Like you said, the film is not explicitly political. There are lots of films that are snapshots of political moments, and I have profound respect for them, but this project was not that. The core of this film was the ecological, about the human-animal relationship. To me, the problems the brothers were facing symptomized a broader kind of ecological malaise.
However, in the last few years, the city of Delhi has witnessed a large degree of social turbulence and unrest in the streets. In a way, my main challenge as a filmmaker was to be disciplined enough to keep my gaze trained on the brothers alone, even though there was such turmoil outside. Eventually, we arrived on this idea of the "leak": Every time a character goes to the balcony, you hear audio of the chaos happening on the street. Essentially, the social world and all the unrest outside leak in, up to the point where its ominous potential becomes clear.
How did you think about what All That Breathes would look like?

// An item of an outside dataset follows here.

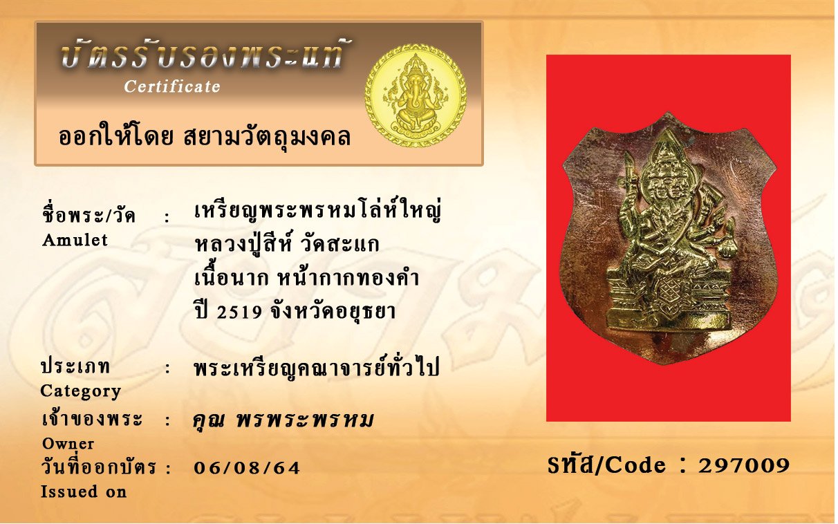 รหัสสินค้า : 297009 เหรียญพระพรหมโล่ห์ใหญ่ หลวงปู่สีห์ วัดสะแก เนื้อนาก หน้ากากทองคำ ปี 2519 จังหวัดอยุธยา

Well, the grammar of the film developed over time. So, the main pillar was the human story of the brothers, and we knew the film language for that would be the classic observational style. Apart from that, we wanted to find a form that would indicate the coexistence of various kinds of nonhuman life in the city. We had a German cinematographer called Ben Bernhard, and with him we developed this language of cinematic reveal: slow, languid pans; focus shifts. As the city goes on in all its everyday bustle, we started to scan landscapes and find nonhuman life in them.
Could you talk a little bit about your first film, also set in Delhi, Cities of Sleep?
Cities of Sleep essentially looks at the city of Delhi through the lens of sleep. It follows one “sleep community” of homeless people and a renegade homeless sleeper who shuttles from place to place across various nights. It's an investigation of the city at night, through sleep, which is viewed as a profoundly political sphere wherein different kinds of power get exercised. To put it another way, Cities of Sleep sees Delhi through sleep, along a horizontal axis, and All That Breathes looks at Delhi through the lens of birds, along a vertical axis.
You're from Delhi. Is it important to you that the city plays a role in your films?
It's not important in the sense of it being a manifesto. But the directorial team and I are mostly from Delhi, and we're all very embedded in the vernacular cultures. Like most megapolises, when you enter the city through a specific lens, it really disassembles itself in unexpected ways. So, I wouldn't say that I'm a “Delhi filmmaker,” but the city is definitely an integral part of both my films and of how I approach things. I think it's also a very particular city, not just sociopolitically but also climate-wise; it staggers your senses. And before you know it, things gather momentum because so much is happening. I'm sure this is true of many other cities, but there seems to be something specific to Delhi, especially given that it is at the intersection of a climate emergency and, in recent times, a volatile sociopolitical moment.